You had no worries because everything will surely go well, your mother will have enough money to pay for a fair share of wedding expenses, you will have a gorgeous dress of any colour you like (no bridesmaid bullsh*t in my country with those hideous dresses!), awesome hairdo, comfy new heels.
Suddenly she reminds you, that you are permitted if not obliged to bring a plus one and it has to be a MAN!
Where the hell am I supposed to get one? Let me be clear: me and man? It was never a real deal. Some occasional flings, yes. Dating? Who would voluntarily go on a second, god-forbid, third date with such a mess as I am? Thus the real relationship thing had never occurred. Not yet.
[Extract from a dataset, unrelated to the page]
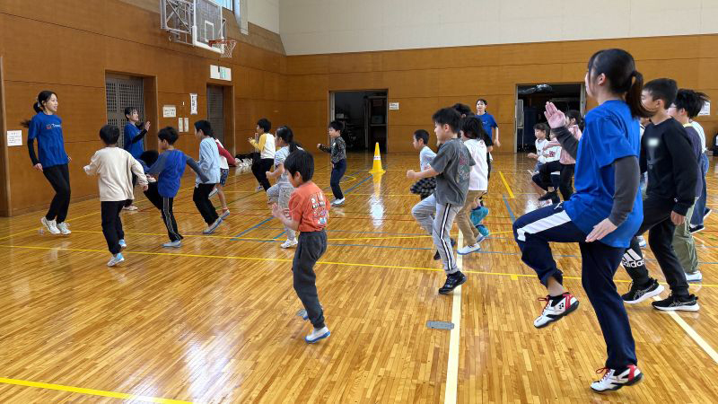 参加した今別府侑芽さん(スポーツ健康科学科4年)は、「自分たちが大学で学んだことやこれまでの経験を活かしながら指導でき、子どもたちが「できた!」「楽しかった!」と笑顔で参加してくれたことにとてもやりがいを感じた。参加者の年齢や運動経験に合わせて講座内容や伝え方を工夫することで、より分かりやすく届けられることも実感し、貴重な学びになった」と振り返りました。
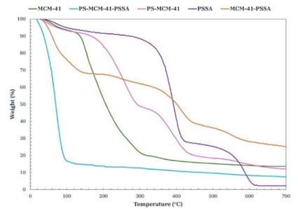According to the thermogram shown in Fig. 4, in the weight loss curves of uncalcined MCM-41, five maxima in the weight loss rate (peak 1-5) are appreciated: peak 1 centered at 61.77 °C is associated with physically adsorbed water constituting 2.5 % of the weight loss; peak two at 152.21 °C is related to the decomposition of the compound that forms the template director of the structure, cetyltrimethylammonium bromide (CTABr) up to this point, there is a 15.27 % weight loss; peaks 3 and 4 at 184.35 °C and 281 °C, respectively, are attributed to the combustion of remaining carbon species, such as residual carbon or deposited carbon, having a cumulative weight loss of 59.46 %; and finally, peak 5, located at 350.03 °C corresponds to the dehydroxylation of the silanol groups, having a total weight loss of 64.97 % [27]. In the PSSA thermogram (Fig. 4), at 55.72 °C, a mass loss of 3.04 % was observed due to evaporation of the water in the sample. The second transition region was observed at 393.95 °C due to the degradation of the sulfonic group (-SO3), also called desulfonation; the loss at this temperature is 54.42 %, and the peak of the third transition is present at 567.74 °C is the result of the side chain cleavage of the PSSA polymer, with a total weight loss of 90.47 % [28]. The thermogram obtained from the functionalized material MCM-41-PSSA (Fig. 4) shows its mass loss peaks: the first one at 69.09 °C is associated with the evaporation of water molecules present due to the interactions with the sulfonic groups, representing a loss of 10.95 % by weight; the second peak located at 239.14 °C is due to the loss of the -HSO3- groups, reaching 24.22 % loss by weight; the third peak located at 299.31 °C is due to the decomposition of the polymeric chain, reaching 24.95 % loss by weight; finally, the fourth peak at 454.97 °C is associated with the dehydroxylation of the silanol (Si-OH) groups and the decomposition of the PSSA side chain, resulting in a loss of 26.29 % by weight of the total sample [24,27,29]. The thermogram of the material with incorporated polystyrene PS-MCM-41 (Fig. 4) showed an improvement in thermal properties compared to the source material MCM-41; three losses were identified: one at 46.42°C associated with 1.29% water remaining in the material, a second loss at 262.91 °C related to the decomposition of the structuring agent (CTABr), and a third loss at 380.49 °C corresponding to the dehydroxylation of the silanol groups, associated with 38.56 % by weight of the total mass. In the case of the PS-MCM-41-PSSA material (Fig. 4), a significant mass loss was appreciated at 69.54 °C associated with the evaporation of adsorbed water, representing 25.51 % of the total mass, a second loss located at 173.44 °C, corresponding to 42.93 %. It was associated with the degradation of the anchored PSSA. TGA tests for MCM-41 and PS-MCM-41 were performed on uncalcined materials.

To be fair to you, my fellow human beings, almost all of us (almost as I hate generalisations and nothing is applicable to anyone unless it’s connected with the very essence of being a member of species Homo sapiens sapiens) have at one point of their short or long lives came across a fellow human who was interested in more than being just friends. So what that you kissed? By knowing him all the romantic feelings, as well as the alcohol enhancing those “emotions” flushed down the toiled together with the vomit and the urine. Am I too harsh? Am I too straightforward? Well, that’s just me being me. I can’t really influence my very essence, or can I? Let’s leave this for some other self-pitying session.
He tries to know you better, initiates conversations, you discuss very deep and personal, even intimate issues. Yet, you can’t overcome the feeling, nothing more will ever happen. You just do not want it to happen.
But back to the wedding and your plus 1. You certainly want to bring someone to hold onto, since your high-heels time hasn’t come yet. You want someone to whisper how gorgeous you look, how not chubby you are, how well behaved sister and not at all drunk guest you ended up as. We ALL want that freaking +1!! Don’t we?
I can enjoy myself at the wedding perfectly well. I did it on all those weddings I’ve already attended as a teen and a respectable young adult. But now, when it’s HER wedding, I do not want to look like a loser in front of a whole family. (Not that I care too much about what they think of my relationship status).
Oh, Gosh! You have 18 months to get in shape (finally, as you are AGAIN near the look of a walrus), find the perfect dress to suit your personality as well as body shape (hopefully not one of a cone), and to find that “lucky” or even genuinely lucky man to accompany my precious self to THE wedding of the year 2017.